= Probabilistic forecasting =

Type of statistical forecasting

Probabilistic forecasting summarizes what is known about, or opinions about, future events. In contrast to single-valued forecasts (such as forecasting that the maximum temperature at a given site on a given day will be 23 degrees Celsius, or that the result in a given football match will be a no-score draw), probabilistic forecasts assign a probability to each of a number of different outcomes, and the complete set of probabilities represents a probability forecast. Thus, probabilistic forecasting is a type of probabilistic classification.

== Applications ==

Weather forecasting represents a service in which probability forecasts are sometimes published for public consumption, although it may also be used by weather forecasters as the basis of a simpler type of forecast. For example, forecasters may combine their own experience together with computer-generated probability forecasts to construct a forecast of the type "we expect heavy rainfall".

Sports betting is another field of application where probabilistic forecasting can play a role. The pre-race odds published for a horse race can be considered to correspond to a summary of bettors' opinions about the likely outcome of a race, although this needs to be tempered with caution as bookmakers' profits need to be taken into account. In sports betting, probability forecasts may not be published as such, but may underlie bookmakers' activities in setting pay-off rates, etc.

===Weather forecasting===

Probabilistic forecasting is used in a weather forecasting in a number of ways. One of the simplest is the publication of about rainfall in the form of a probability of precipitation.

====Ensembles====

The probability information is typically derived by using several numerical model runs, with slightly varying initial conditions. This technique is usually referred to as ensemble forecasting by an Ensemble Prediction System (EPS). EPS does not produce a full forecast probability distribution over all possible events, and it is possible to use purely statistical or hybrid statistical/numerical methods to do this. For example, temperature can take on a theoretically infinite number of possible values (events); a statistical method would produce a distribution assigning a probability value to every possible temperature. Implausibly high or low temperatures would then have close to zero probability values.

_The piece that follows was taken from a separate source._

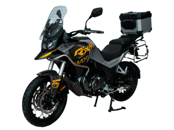 Мотоцикл CYCLONE RX401 (SR400GY-2D) – туристический эндуро, готовый бросить вызов любым дорогам и расстояниям. За рулём этого мотоцикла для вас не будет невозможных маршрутов. Его агрессивный дизайн всецело соответствует традициям жанра данного класса мототехники.Рядный двухцилиндровый четырёхтактный двигатель объёмом 401 см3 выдаёт 43 л.с. на 9500 об/мин. Максимальный крутящий момент достигается на 8000 об/мин и составляет 37 Н·м. Инжекторный впрыск топлива с блоком управления BOSCH увеличивает топливную экономичность, а также позволяет добиться высокой приёмистости и неприхотливости агрегата. Жидкостная система охлаждения не допустит перегрева двигателя даже при самом агрессивном вождении. На мотоцикл 6-ступенчатая механическая коробка передач.Максимальная скорость мотоцикла составляет 139 км/ч.RX401 оснащён спицованными алюминиевыми колёсами диаметром 17 и 19 дюймов. Колёса обуты в бескамерные покрышки от фирмы CST. С неровностями дороги эффективно справляются телескопическая вилка перевёрнутого типа спереди и маятник с моноамортизатором сзади. Ход передней подвески составляет 130 мм, задней – 55 мм. Оба компонента подвески являются регулируемыми. Эффективное и безопасное замедление с любых скоростей обеспечивают гидравлические дисковые тормоза с двухканальной системой ABS спереди и сзади.Клиренс мотоцикла составляет 185 мм. Объём топливного бака – 20 л. Снаряжённая масса – 215 кг.Мотоцикл отличает хорошо продуманная компоновка с высоко расположенным радиатором. На данной модели штатно установлены дуги безопасности, защита картера и двигателя, а также багажник с креплениями для боковых кофров. Кроме того, мотоцикл снабжён центральной подножкой для лёгкого обслуживания цепи, колес и вилки.Бортовой компьютер оборудован цветным дисплеем привлекательного дизайна со специальным защитным козырьком, спасающим от брызг и бликов. Из других приятных мелочей в допоборудовании мотоцикла стоит выделить 12-вольтовую розетку, подсветку пультов и USB-порт.Мотоцикл сочетает в себе отличные технические характеристики, комфорт и надёжность, что позволяет вам ощутить настоящую свободу на любой дороге с любым покрытием.

If it were possible to run the model for every possible set of initial conditions, each with an associated probability, then according to how many members (i.e., individual model runs) of the ensemble predict a certain event, one could compute the actual conditional probability of the given event. In practice, forecasters try to guess a small number of perturbations (usually around 20) that they deem are most likely to yield distinct weather outcomes. Two common techniques for this purpose are breeding vectors (BV) and singular vectors (SV). This technique is not guaranteed to yield an ensemble distribution identical to the actual forecast distribution, but attaining such probabilistic information is one goal of the choice of initial perturbations. Other variants of ensemble forecasting systems that have no immediate probabilistic interpretation include those that assemble the forecasts produced by different numerical weather prediction systems.

====Examples====
Canada has been one of the first countries to broadcast their probabilistic forecast by giving chances of precipitation in percentages. As an example of fully probabilistic forecasts, recently, distribution forecasts of rainfall amounts by purely statistical methods have been developed whose performance is competitive with hybrid EPS/statistical rainfall forecasts of daily rainfall amounts.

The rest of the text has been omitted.